Most Gulf of Mexico oil production is located in deep water where storm surge is not an issue. While we expect some sloppy Q3 financial results from certain operators due to repairs and supply chain disruptions (e.g. Marathon Petroleum Corporation (Baa3/BBB-), Valero Energy Corporation (Baa2/BBB), Phillips 66 (A3/BBB+), Occidental Petroleum Corporation (Ba2/BB), Hess Corp. (Ba1/BBB-), and Colonial Pipeline (A3/A)), we do not anticipate a major impact for bondholders.
Chemical Sector Impact
As severe storms are not uncommon in the Gulf Coast region, chemicals producers have developed more comprehensive and well-defined preparedness plans that are designed to minimize production interruptions. In accordance with these plans, several chemical companies safely shut down or curtailed their Louisiana operations leading up to Hurricane Ida’s arrival. The hurricane made landfall at a time when supply is tight, inventories are lean, and prices are at record highs for many chemical products.
Closures of vital infrastructure such as ports, roads, and railroads, as well as power outages, will impact the restart of chemical facilities and could exacerbate already tight markets. Currently, roughly 39% of US PVC capacity, 9% of US polypropylene capacity, and 18% of US polyethylene production is believed to be offline. While we have yet to hear from all potentially impacted companies, the several that have reported thus far did not experience significant damage from the storm.
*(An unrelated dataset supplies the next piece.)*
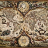 Dette motiv af et historisk kort giver ikke kun underholdning, men også en pædagogisk dimension – under samlingen opdager du detaljer om kontinenter, have og dekorative illustrationer i klassisk stil. Det færdige puslespil egner sig perfekt til indramning som en stilfuld vægdekoration.

In the investment grade chemicals sector, Dow Chemical Company (Baa2/BBB) and Westlake Chemical Corp. (Baa2/BBB) pre-emptively shut their polyethylene and PVC facilities in Louisiana ahead of the storm, while Nutrien (Baa2/BBB) and CF Industries (Ba1/BBB-) shut their nitrogen facilities in the area. We acknowledge that we could see some lost production that may impact the sector’s Q3 financial results. However, overall, we expect the additional supply pressure to lead to higher prices, which should be a meaningful offset to the temporary loss of production. This will likely provide a net benefit, in varying degrees, to Chevron Phillips Chemical (A2/A-), LyondellBasell Industries (Baa2/BBB), Huntsman Corporation (Baa3/BB+), Dow, Westlake, Nutrien, and CF Industries.